The first two episodes of this series were a religious experience for me. Disappointing since then but this morning (no TV licence) made up for it. I'm sold on all this forgiveness stuff rammed down my throat and may even start trying it.
For the next UK census, if there is one, I'm going to list my religion as Whovian, and I'll try and convert all the Jedi. Who is with me.
>>"Who is with me."
I love that you ended that with a full stop, not a question mark. Lovely touch and I have to say, a great slogan for your new religion. :)
Though I have to remind you of a comment by the Ninth Doctor: "Don't worship me, I'd make a very bad god. No day off for a start!".

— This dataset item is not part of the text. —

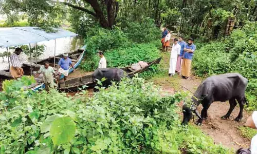 പുഴയിൽ അഴിച്ചുവിട്ട കന്നുകാലികളാണ് കുടുങ്ങുന്നത്

I resisted the question mark after great temptation. To be honest my favourite character is Missy, Michelle Gomez, so my religious symbol should be ¿ rather than ?. I guess I'm an anti-Whovian at heart, but I need Whovians to prosper before I can oppose them
I'm a recent convert myself, although a life-long viewer, so before I start evangelising I do need some religious education as someone, probably me, wiped my memory repeatedly.
I also love the latest Pope but it took them 266 regenerations to get a good one, and their script writer still isn't up to speed. Still, the Jedi are the lowest-hanging fruit so let's start converting them first.
?Who is with me¿
Good god, the comments sections are on fire. The Love/Hate relationbship some hold with this show is incredible.
Don't see this with MidSommer Murders or Casualty.
I enjoyed it, - it was good Doctor Who, good fantasy telly.
(And yes, Doctor who is firmly Science Fantasy. What is the distinction between fantasy and Scifi?
is scifi defined by the presence of space ships, aliens and gadgets?
Is Fantasy defined by calling people who do extraordinary things sorcerers/magicians/wizards, and heroes having swords and living in medieval times?
If we changed the location of Game of Thrones to an alien planet, called the White Walkers the Geth, and instead of horses and sailing ships, they had spaceships - would that make it any less fantas?
Star Wars is the ultimate Science Fantasy.
Darth Vader is an evil wizard, Luke Skywalker is the swashbuckling reluctant hero, the force is basically magic.. it's a classic Swords and Sorcery in space.
Think about it - how different would Harry Potter be if it were set in space?
Doctor Who, therefore, is basically Dungeons and Dragons in space.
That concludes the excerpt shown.